Experiment with different yogurt starter cultures. You can even make yogurt using specific probiotic strains, like Dr. Davis’ L. reuteri.

Free ice cream: Turn your homemade yogurt into delicious, mouthwatering labneh!

How to make Kefir

Kefir is “super yogurt” – milk cultured with more than a dozen strains of bacteria and yeast. Research shows that kefir is full of unique peptides with beneficial physiological and metabolic effects, most of which are still unclassified but can certainly be said to be “good for you”. Today, you can find kefir at most grocery stores, but the best ones are made at home using raw kefir seeds.

Kefir in a jar, kefir seeds in a bowl and in a weighing spoon above the jar

You will probably need:

  • 1 tbsp granulated kefir
  • 1 liter whole milk, ideally whole and organic fresh milk but otherwise high quality non-homogenized milk will work
  • Glass bottle

You can order kefir seeds online. You can also use Craigslist to try to find someone locally who has kefir seeds for sale (or as a gift).

Process:

  1. Add your milk to the jar.
  2. Place the kefir seeds in the jar and cover with an elastic band with a clean cloth.
  3. Leave it on the counter for 1-3 days. The warmer, the faster the fermentation.
  4. Once the contents have thickened and/or separated into whey and solids, it is ready.
  5. Pour kefir into a plastic colander placed over a glass bowl.
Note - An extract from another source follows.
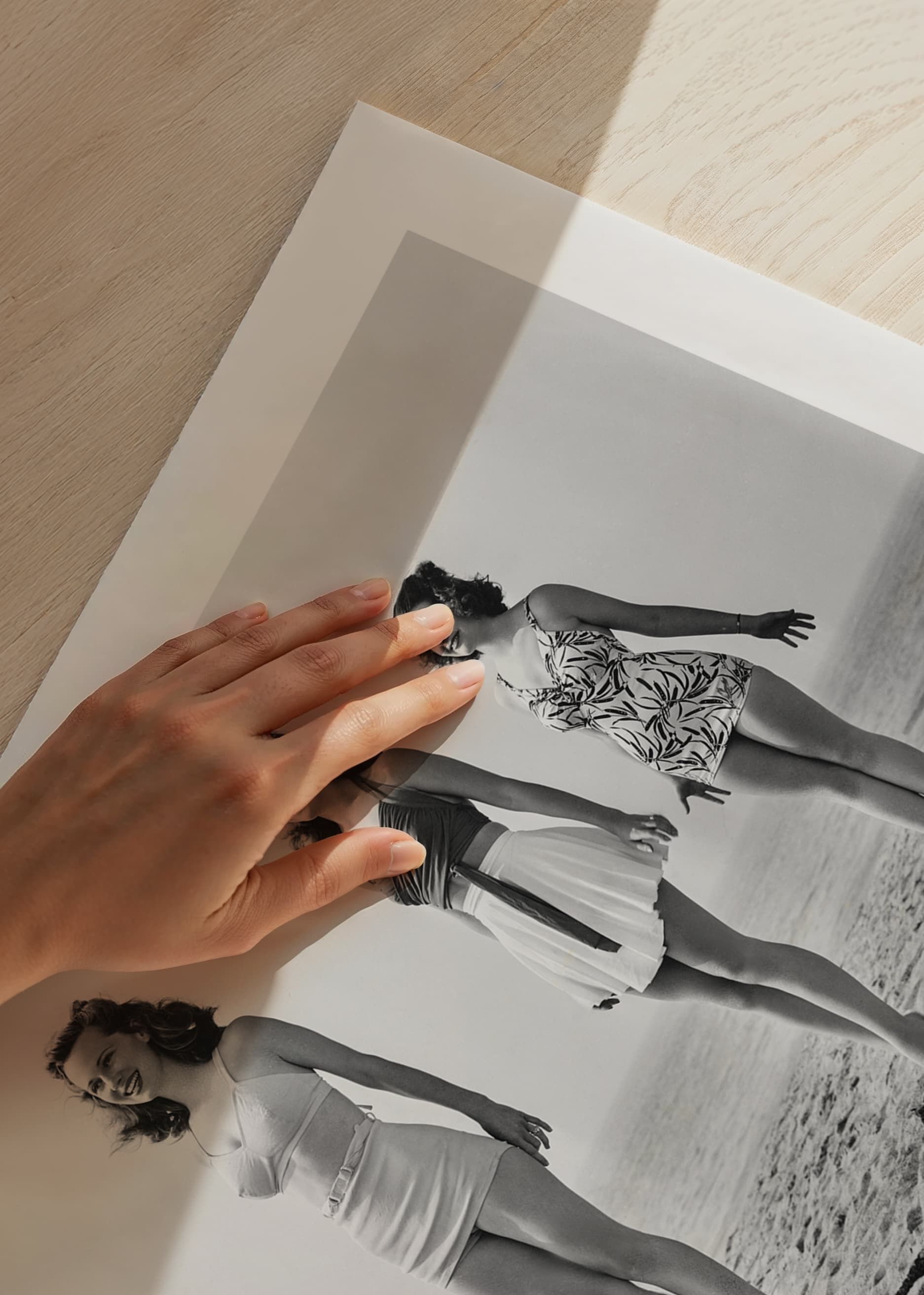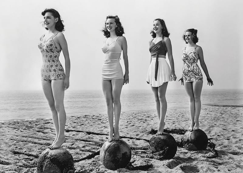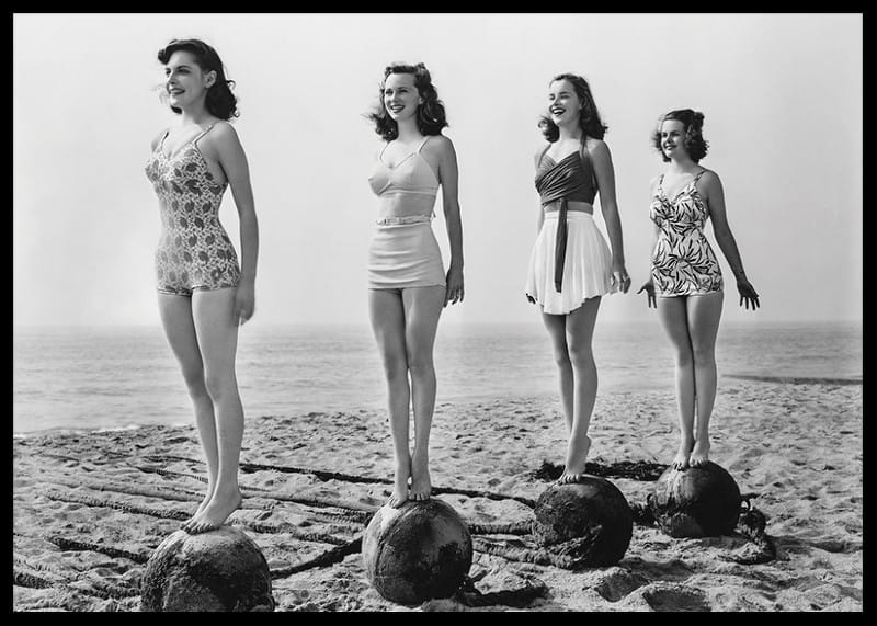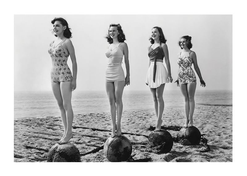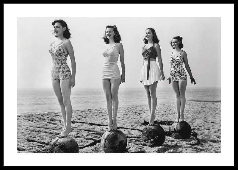Four women in period swimsuits balance standing on large balls at the edge of the beach, with the sea as a backdrop. The black and white vintage character captures a playful and nostalgic atmosphere. A poster that gives a touch of retro and the timeless joy of summer to your living room, hallway or bathroom.

Some say metal will kill kefir, although I doubt it, but let’s use plastic just to be safe.
  6. Scoop the seeds out of the colander and let the liquid fall into the bowl below, gently pressing the mixture to drain. The particles will feel solid – they are unmistakable.
  7. Add the nuts to another batch of milk to keep the kefir flowing and place the finished kefir in the refrigerator.

You can also add a quarter to a half cup of finished store-bought kefir to a jar of room-temperature milk and leave it on the counter. It will ferment, although it won’t be quite the same.

That’s it: a few basic ways to make your own butter, yogurt, and kefir. Have you ever made your own? You have? Let me know how you did it below, and thanks for reading!